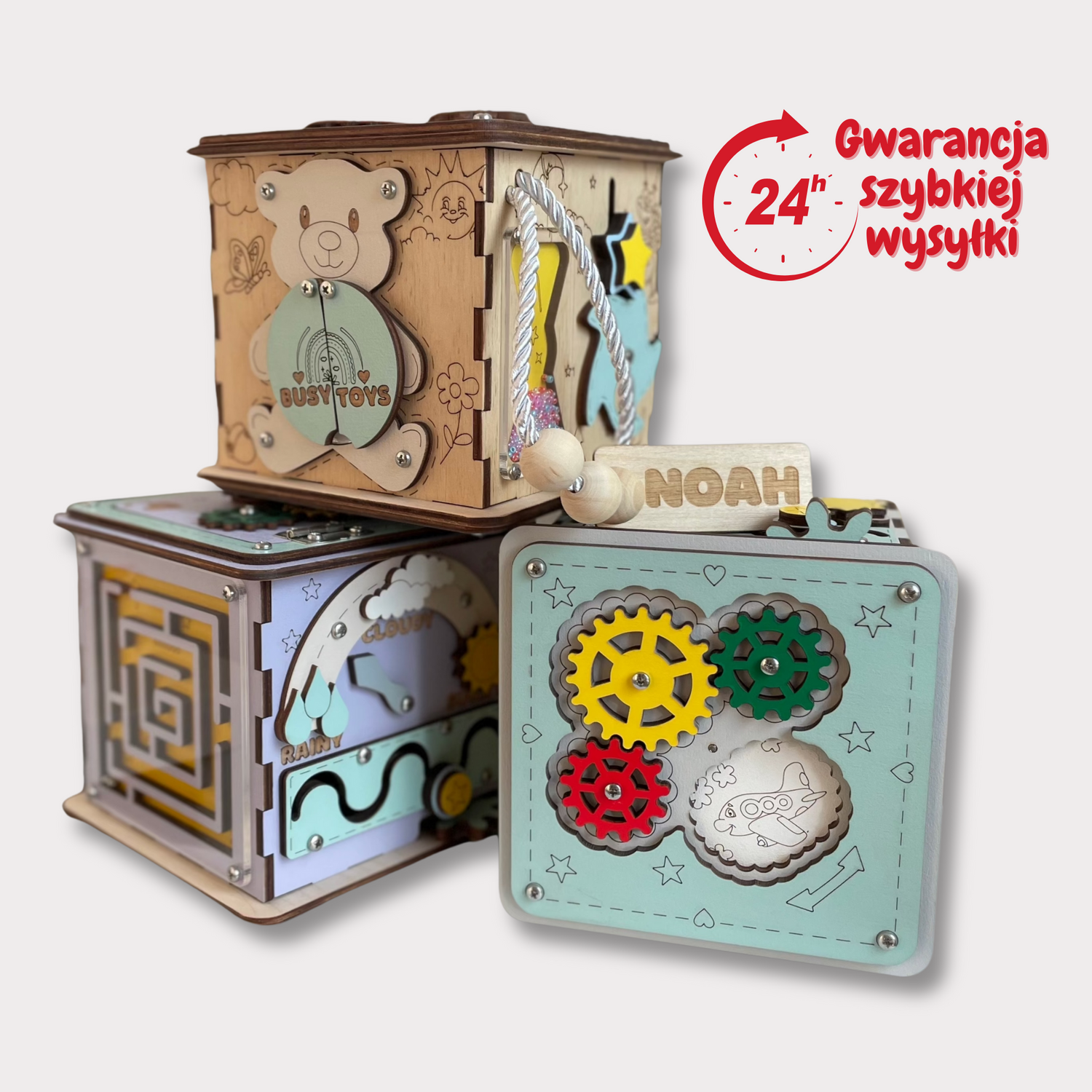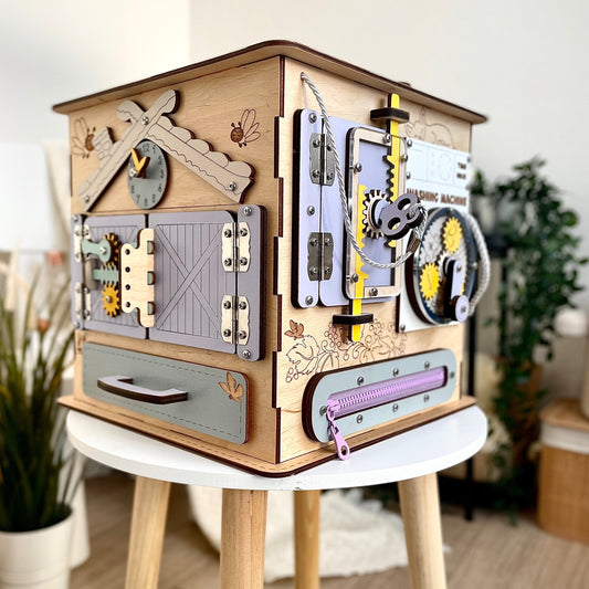 Każdy element Busy Cube ma swoją unikalną funkcję, która pomaga dziecku uczyć się i rozwijać w zabawny sposób.
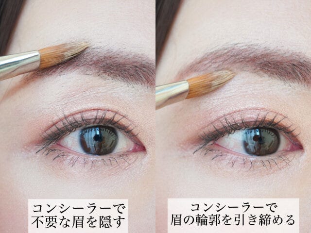 コンシーラーをブラシにとり、眉の不要な部分を隠すように塗りましょう。眉下にも眉のラインに沿うようにコンシーラーを入れると、洗練された印象になります。
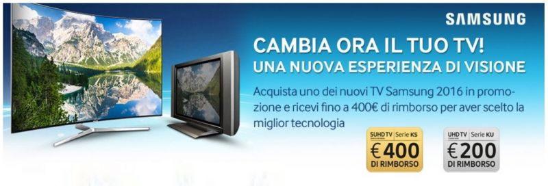 Partecipano a quest'offerta le TV Samsung serie KS, Serie KU e Serie JU: è necessario effettuare l'acquisto entro il 31 settembre 2016, per poter ricevere il rimborso.
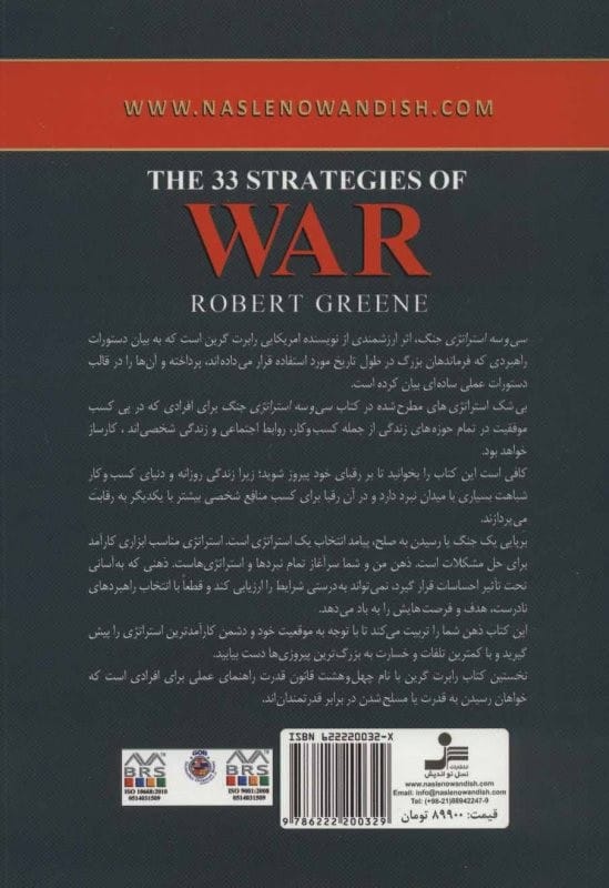کتاب 33 استراتژی جنگ اثر رابرت گرین توسط خانم فاطمه باغستانی ترجمه و به کوشش انتشارات نسل نواندیش چاپ و منتشر شده است.
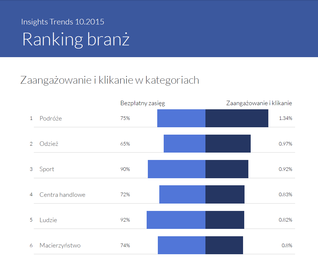 W związku z dodaniem nowych branż mamy nowego lidera w rankingu zaangażowania fanów. Najwięcej aktywności użytkowników Facebooka wywoływały posty Stron z branży Podróże. Nic dziwnego, idzie zima, lato zostało odległym wspomnieniem – czas zaplanować wyjazdy na narty i przyszłoroczne wakacje.
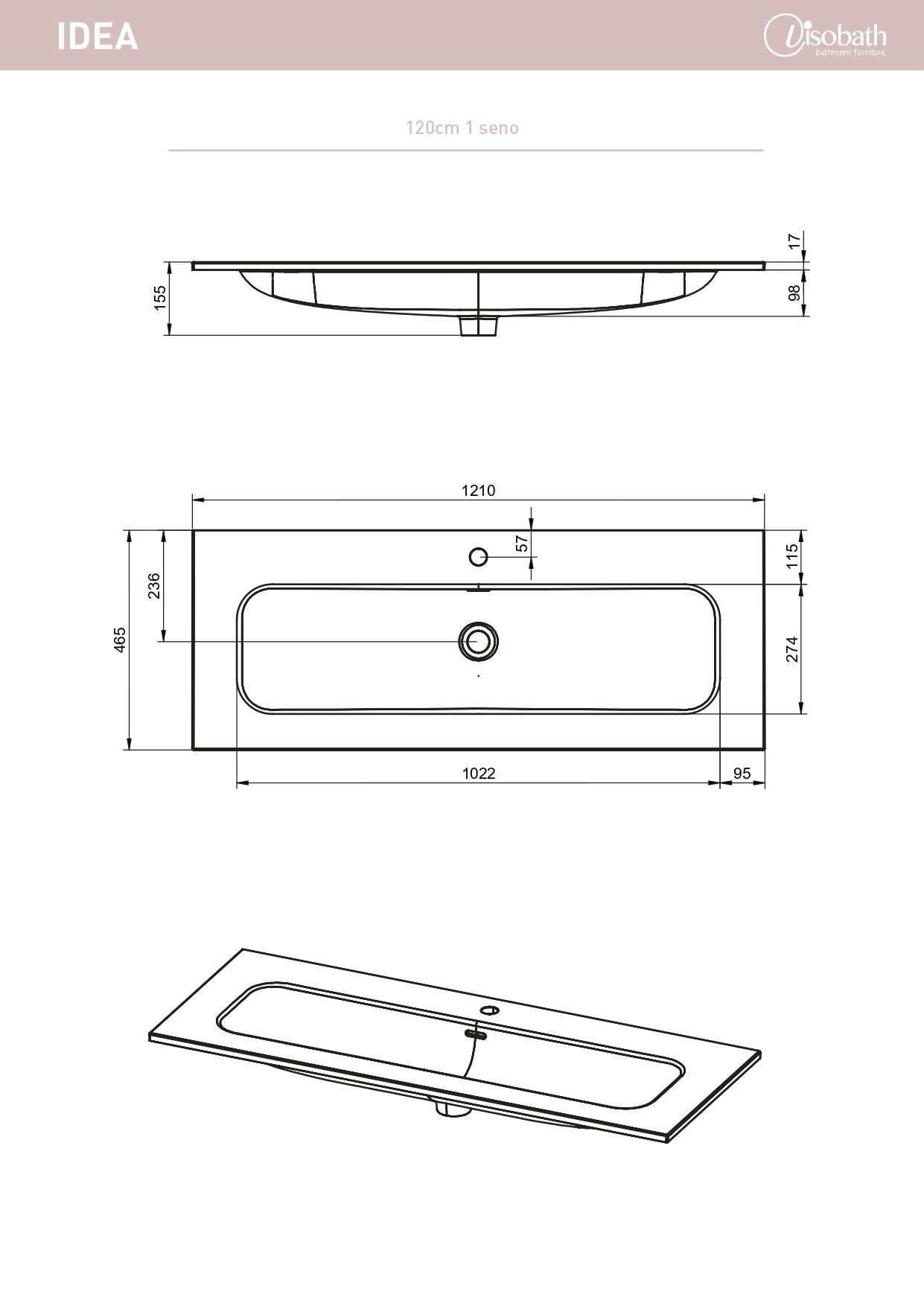 Раковина керамическая Visobath Idea 120 см белый глянцевый 76700
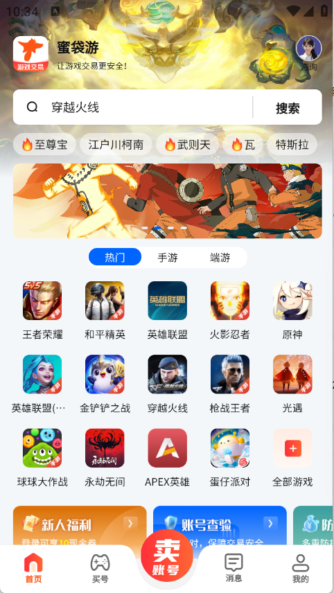 首页页面汇集了众多游戏账号,涵盖王者荣耀、蛋仔派对、和平精英等热门游戏。
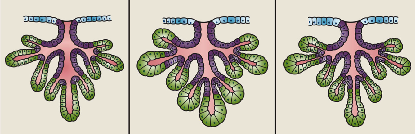 모든 선은 상피 표면에서 안으로 자라면서 형성된다. 처음에는 관상 구조를 가질 수 있지만, 세포의 고체 기둥으로 시작하여 나중에 관이 되는 경우도 있다.[3]
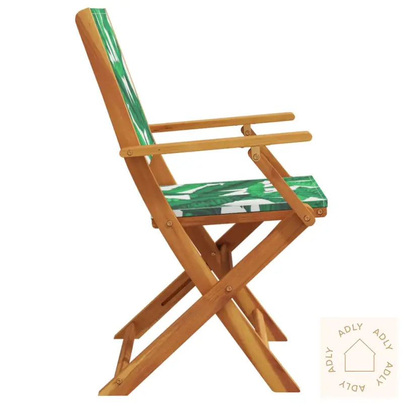 For å beholde det flotte utseendet til stolene over tid, anbefaler vi å bruke et vanntett trekk når de ikke er i bruk.Farge: grønnMaterialer: heltre akasie med oljefinish, stoff (100% polyester)Mål: 54 x 58 x 91 cm (B x D x H)Mål sete: 40 x 38 cm (B x D)Høyde sete fra bakken: 44 cmHøyde armlene fra bakken: 63 cmMaksimal lastekapasitet (per sete): 110 kgMontering kreves: jaPute inkludert: neiMed bladtrykkLeveransen inneholder:8 x sammenleggbare hagestoler
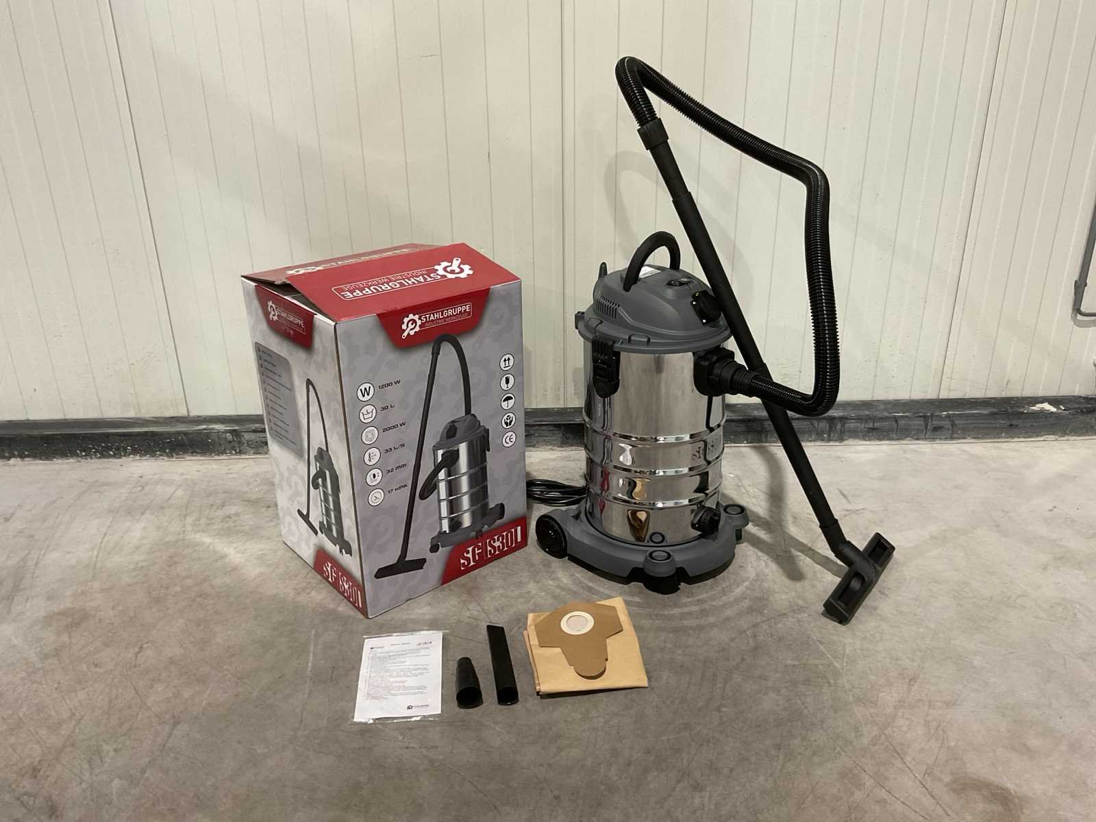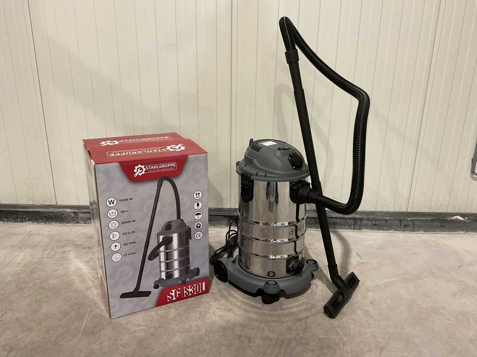 Voorzien van; 4 zwenkwielen; 4M stroomkabel; 1,5m Stofzuiger slang; Zuigkracht: 17 kPa; Extra stopcontact: 2000 W; Opbergruimte voor accessoires; 30ltr tank capaciteit; RVS Tank; Ongebruikt in doos (395x385x600 - 7,2 KG) Merk: Stahlgruppe Type: SG IS30L Bouwjaar: 2025 Vermogen: 1200W Zakloos: true Nat/droog zuiger: true Stopcontact: true Aansluiting: 220V
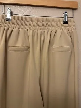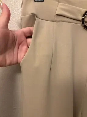 Elegant high-rise wide leg pants in beige with a decorative waist ring. Soft, drapey fabric for all-day comfort. Hidden side pockets for convenience. Versatile neutral beige pairs well with blouses and blazers.
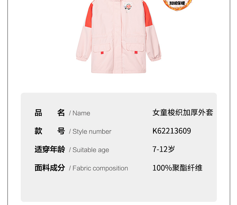 小361女童梭织加厚外套儿童加绒外衣防风2022春季新款K62213609
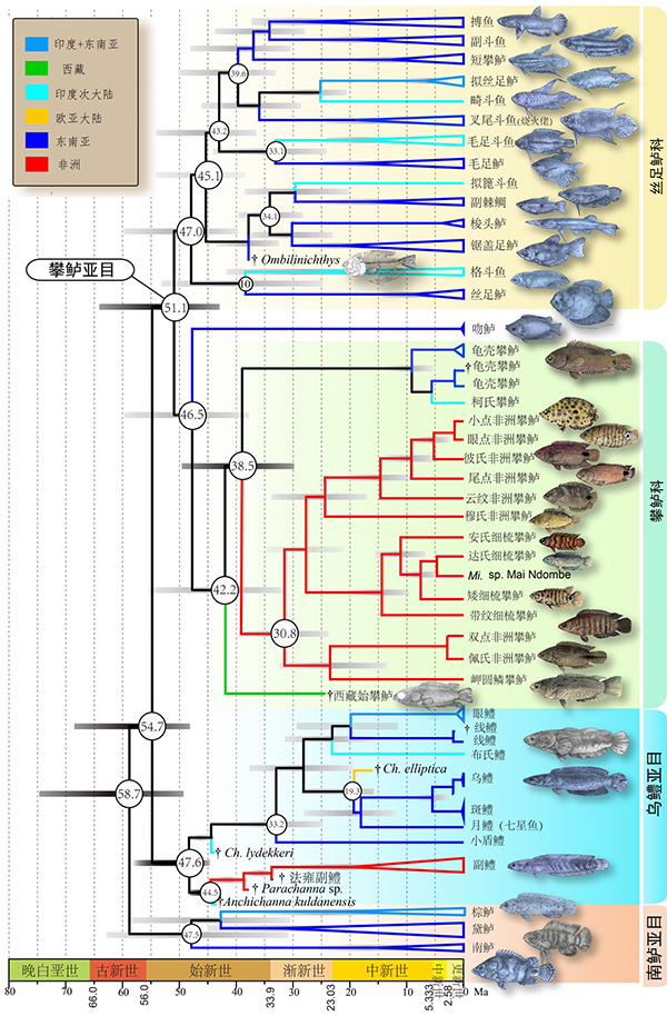 为化石属种。圈内数字为节点时间平均值。支系颜色代表分布区(见左上方框)。缩写:Ch.=Channa鳢属; Mi=Microctenopoma细梳攀鲈属(吴飞翔供图)
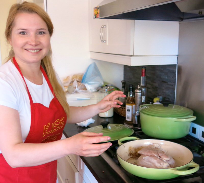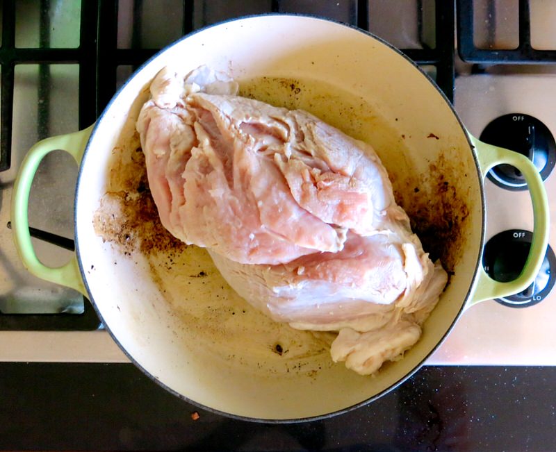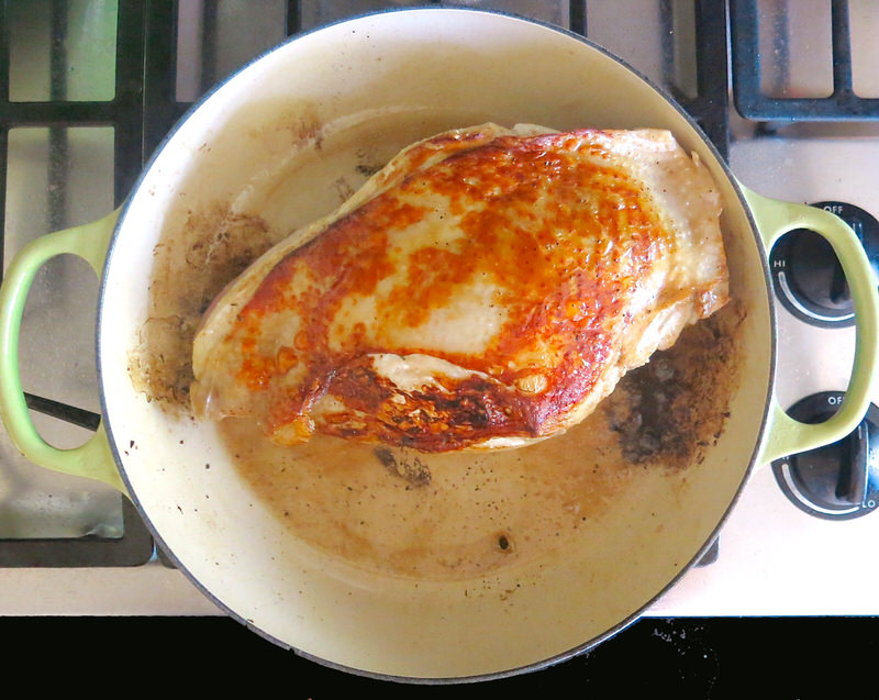 Larissa and I cooked together this past June and I have written about the first portion of this recipe: The Turkey Leg Roulade as well as her Apple Beet Soup with Feta that she serves first. You can see the video for breaking down the first part of the turkey in The Turkey Leg Roulade article. Removing the breast from the bird, Part 2 of her video, follows, where she removes the breast for this recipe.
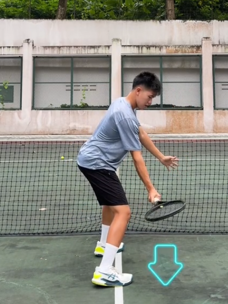 Step 3: Let the racket fall naturally, with its strings pointing down towards the floor.
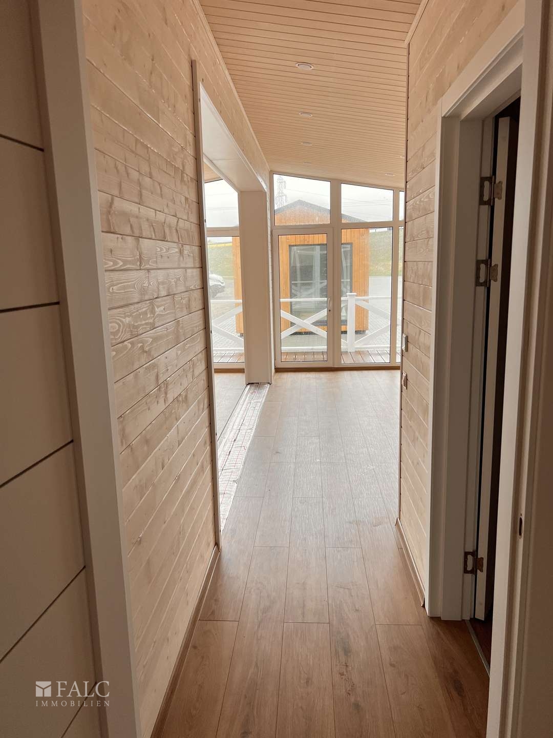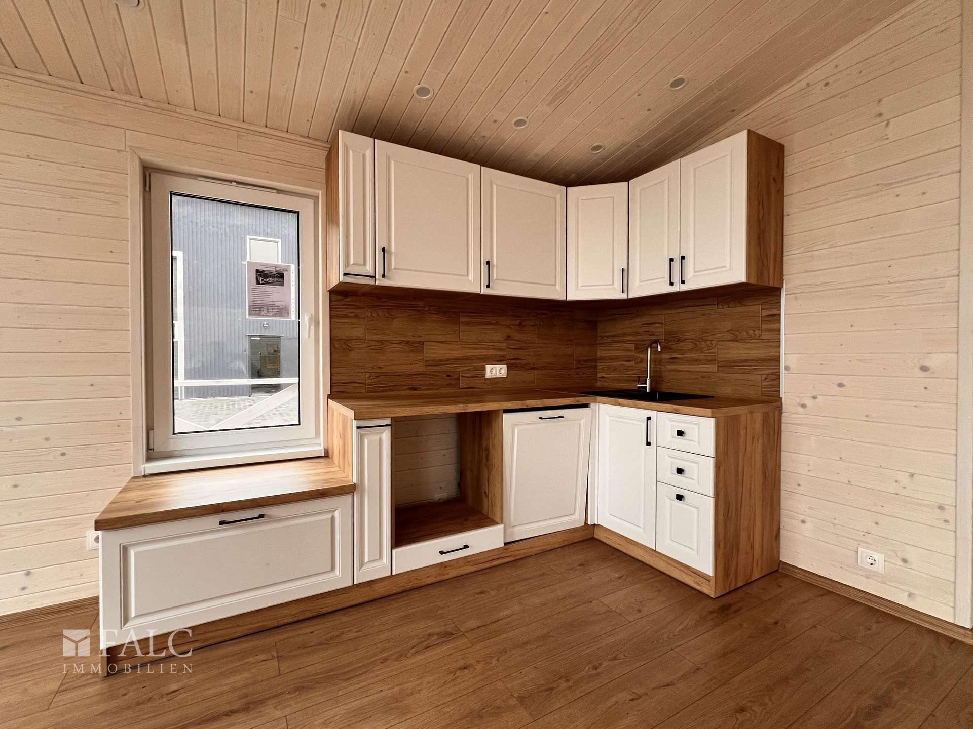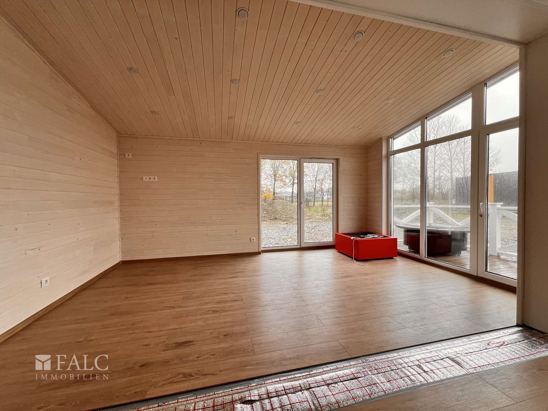 Wohn- und Essbereich mit offener Küche Das Herzstück des Hauses bildet das lichtdurchflutete Wohnzimmer mit integrierter, offener Küche. Bodentiefe Fenster sorgen für ein helles, freundliches Ambiente und ermöglichen den direkten Zugang auf die Terrasse sowie einen herrlichen Blick ins Grüne. Hier verbindet sich stilvolles Wohnen mit Gemütlichkeit – der perfekte Ort zum Kochen, Essen und gemeinsamen Beisammensein.

------------------------------------------------------------------------

AIM OF THE EXERCISE —
Using the entries above, repeat exactly the lines from the one with "Voorzien van; 4" to the one with "Step 3: Let", both included, and leave the pictures behind.

RESULT BELOW —
 Voorzien van; 4 zwenkwielen; 4M stroomkabel; 1,5m Stofzuiger slang; Zuigkracht: 17 kPa; Extra stopcontact: 2000 W; Opbergruimte voor accessoires; 30ltr tank capaciteit; RVS Tank; Ongebruikt in doos (395x385x600 - 7,2 KG) Merk: Stahlgruppe Type: SG IS30L Bouwjaar: 2025 Vermogen: 1200W Zakloos: true Nat/droog zuiger: true Stopcontact: true Aansluiting: 220V
 Elegant high-rise wide leg pants in beige with a decorative waist ring. Soft, drapey fabric for all-day comfort. Hidden side pockets for convenience. Versatile neutral beige pairs well with blouses and blazers.
 小361女童梭织加厚外套儿童加绒外衣防风2022春季新款K62213609
 为化石属种。圈内数字为节点时间平均值。支系颜色代表分布区(见左上方框)。缩写:Ch.=Channa鳢属; Mi=Microctenopoma细梳攀鲈属(吴飞翔供图)
 Larissa and I cooked together this past June and I have written about the first portion of this recipe: The Turkey Leg Roulade as well as her Apple Beet Soup with Feta that she serves first. You can see the video for breaking down the first part of the turkey in The Turkey Leg Roulade article. Removing the breast from the bird, Part 2 of her video, follows, where she removes the breast for this recipe.
 Step 3: Let the racket fall naturally, with its strings pointing down towards the floor.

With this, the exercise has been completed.